Still, experts say, the recent survey trends in the United States were so clear and consistent in Mr. Obama's favour that it would have been nothing short of astonishing if Mitt Romney, the Republican, had managed to prove them wrong. So even if the final decision came late in the evening, it was far from a surprise. The pollsters got it right.

Ronald Rapoport, a professor of American politics who studies public opinion at the College of William and Mary in Virginia, said even though the divide between the two candidates in every poll was small and most were within the margin of error, the combination of multiple poll results was far more conclusive.

"The findings of consistency in those [surveys] certainly would lead you to expect a very likely win for Obama," he said. There were routes to a Romney victory, said Dr. Rapoport, but the Republicans needed to have things break so perfectly that the chances of a GOP win were severely limited.

A tracking model of national and statewide polling created for the Huffington Post by Simon Jackman of Stanford University suggested Tuesday that Mr. Obama had a 91 per cent chance of defeating Mr. Romney in the bid for his country's top job.

Nate Silver, the political numbers cruncher at the New York Times who accurately forecast the results in 49 of 50 states in 2008, aggregated a range of polling results to come up with the same odds.

And eight out of 12 major surveys conducted since Thursday of last week gave the edge to the incumbent president with two suggesting the candidates were tied.

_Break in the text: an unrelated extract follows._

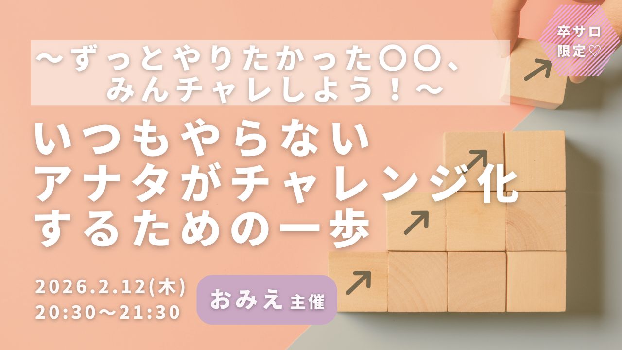 ワークショップ〜ずっとやりたかった〇〇、みんチャレしよう!〜 いつもやらないアナタがチャレンジ化するための一歩 uenoriekostaff 2026年2月12日 ・本サイトはサロン会員の方のみお楽しみいただけます ・卒サロ生はメニューよりログインしてください ・新規ご入会希望の方は事務局までお問い合わせください。LLA卒業生の方のみご入会可能です。 →お問い合わせはこちら おみえ

Only Rasmussen Reports and Gallup put Mr. Romney ahead – and not by very much.

Even at the state level – a better indicator of strength in the U.S. system than the overall measure of popular support – Mr. Obama was predicted to win key battlegrounds.

Richard Johnston, who holds the Canada research chair in public opinion at the University of British Columbia, says different polling firms have different methods, but people who aggregate polls like Mr. Silver and Mr. Jackman are able to weed out technological biases.

Since polling became a big part of elections, he said, the averages of polls conducted in the final week of a campaign have been very close to correct – and the closer to election day, the better the results. The polling industry would have had to be off by more than two points for Mr. Obama to lose, said Mr. Johnston.

"We haven't seen the industry be that far off in an election as close as this one over the last 50 years."